Records from a dataset
►

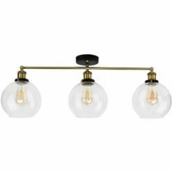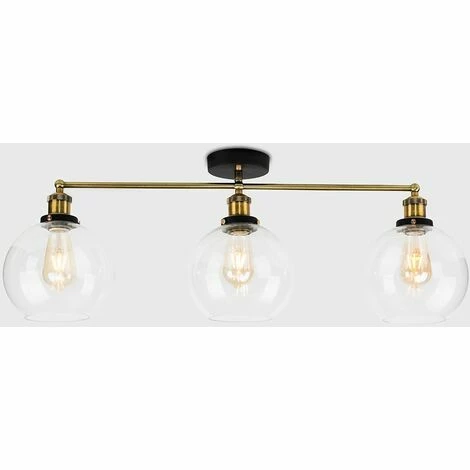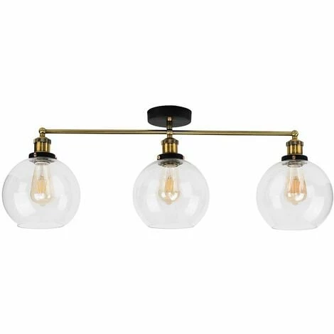 Retro steampunk style 3 way ceiling light fitting in a black and gold effect metal finish. Complete with clear glass globe shades. Ideal for living rooms bedrooms dining rooms and hallways.
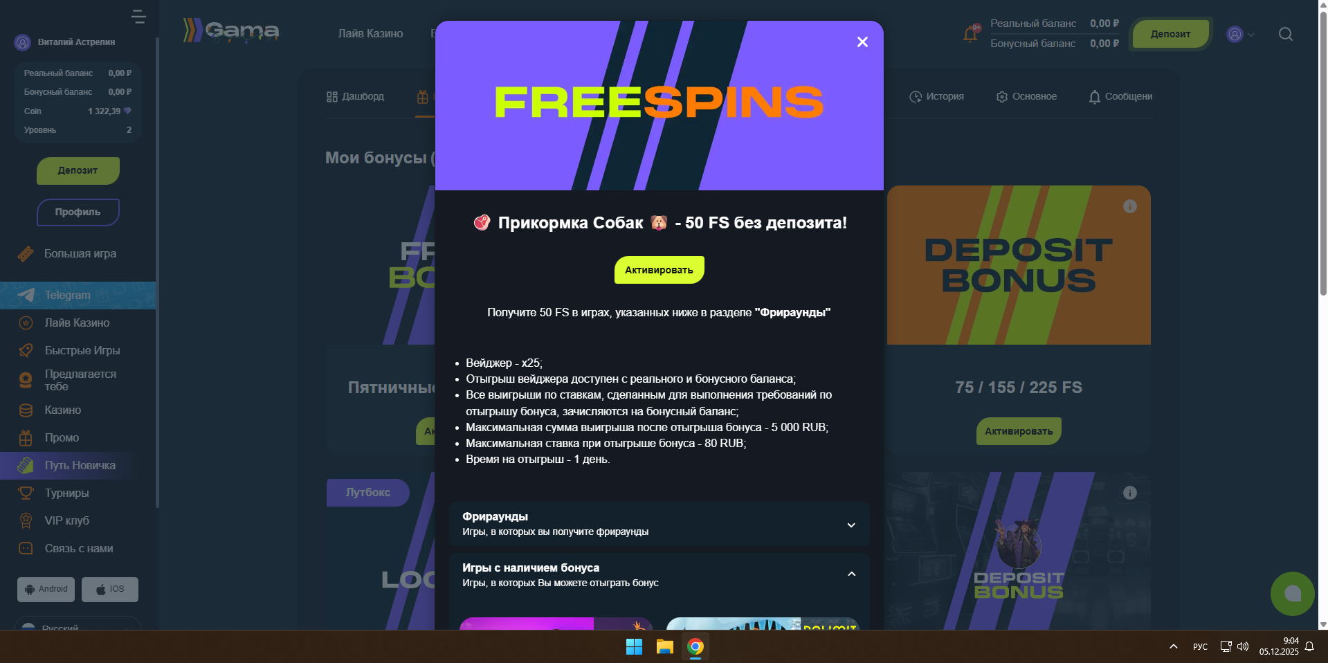 в Gama казино тоже 50фс
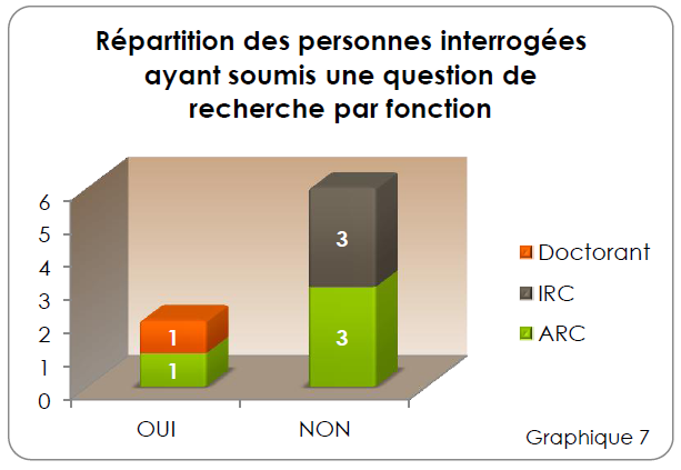 Parmi les personnes interrogées, deux ont pu soumettre une question de recherche. Comme la question précédente, il s’agit des deux personnes qui ont été amenées à le faire dans le cadre d’un Master Recherche ou d’un Doctorat. Néanmoins, elles sont satisfaites d’avoir pu le faire, pour la « démarche intellectuelle » que cela leur a amené à avoir, et pour la contribution aux savoirs infirmiers.
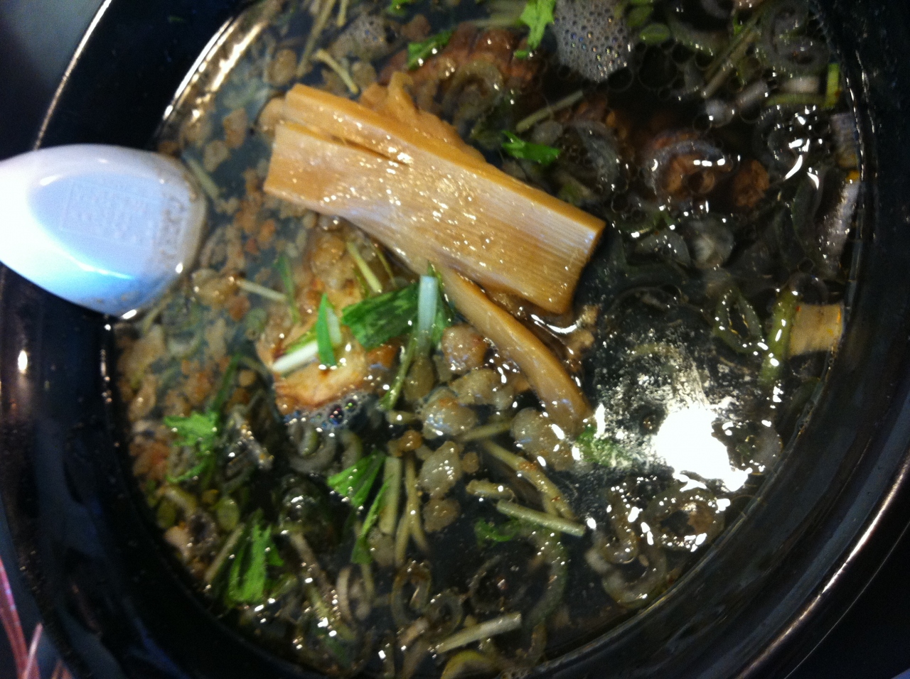 函館の地元民が、ラーメンを食べるなら、ということでお勧めしてくださる店に必ずといって良い程ランクインされる有名店です。ランチは混むのを承知で結構早めに行きましたが階段沿いに10名程並んでました。でもわりと回転がはやく、そんなに長時間まつことなく店内へ。メニューが豊富なので、6名で行きましたが、全員違う注文をしました。ここは塩がメインなので、やっぱり塩でしょう~と言われていたものの、いかすみにひかれてしまった!歯が黒くならないので、女性には嬉しいです。焦がしにんにくが別味付けにスプーンでついてきますが、それを入れるとまた変化がでて良いです。
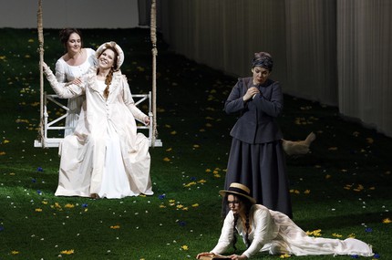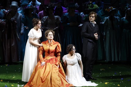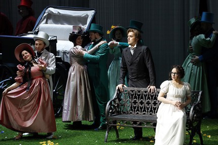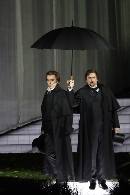 Помещичий уклад и быт русской деревни первой половины XIX века, то, к чему взывает и роман, и опера, вообще остаются за кадром, а вместо этого – разудалый режиссерский китч. От сюжета и музыки он уводит настолько далеко, что мы попадаем на «детский утренник» с забавными зверушками, к числу которых примыкают не только ряженые, но и конкретные герои, будь то Ларина или Филиппьевна, Татьяна или Ольга, Онегин или Ленский. Речи о типажах-архетипах быть не может, ибо их проработки нет и в помине ни на режиссерском, ни на костюмном уровне. Представлен лишь «общий зоопарк» образов, случайно набросанных на зеленую лужайку сцены для игры в оперные бирюльки. Режиссер изо всех сил пытается играть в эту игру, но не больно-то у него это получается!

◄

> [About this exercise]: Look above for the line with "Parmi les personnes" and the line with "函館の地元民が、ラーメンを食", then copy exactly the lines from the first through the second, both kept, with no pictures.

> [Answer for this exercise]:
 Parmi les personnes interrogées, deux ont pu soumettre une question de recherche. Comme la question précédente, il s’agit des deux personnes qui ont été amenées à le faire dans le cadre d’un Master Recherche ou d’un Doctorat. Néanmoins, elles sont satisfaites d’avoir pu le faire, pour la « démarche intellectuelle » que cela leur a amené à avoir, et pour la contribution aux savoirs infirmiers.
 函館の地元民が、ラーメンを食べるなら、ということでお勧めしてくださる店に必ずといって良い程ランクインされる有名店です。ランチは混むのを承知で結構早めに行きましたが階段沿いに10名程並んでました。でもわりと回転がはやく、そんなに長時間まつことなく店内へ。メニューが豊富なので、6名で行きましたが、全員違う注文をしました。ここは塩がメインなので、やっぱり塩でしょう~と言われていたものの、いかすみにひかれてしまった!歯が黒くならないので、女性には嬉しいです。焦がしにんにくが別味付けにスプーンでついてきますが、それを入れるとまた変化がでて良いです。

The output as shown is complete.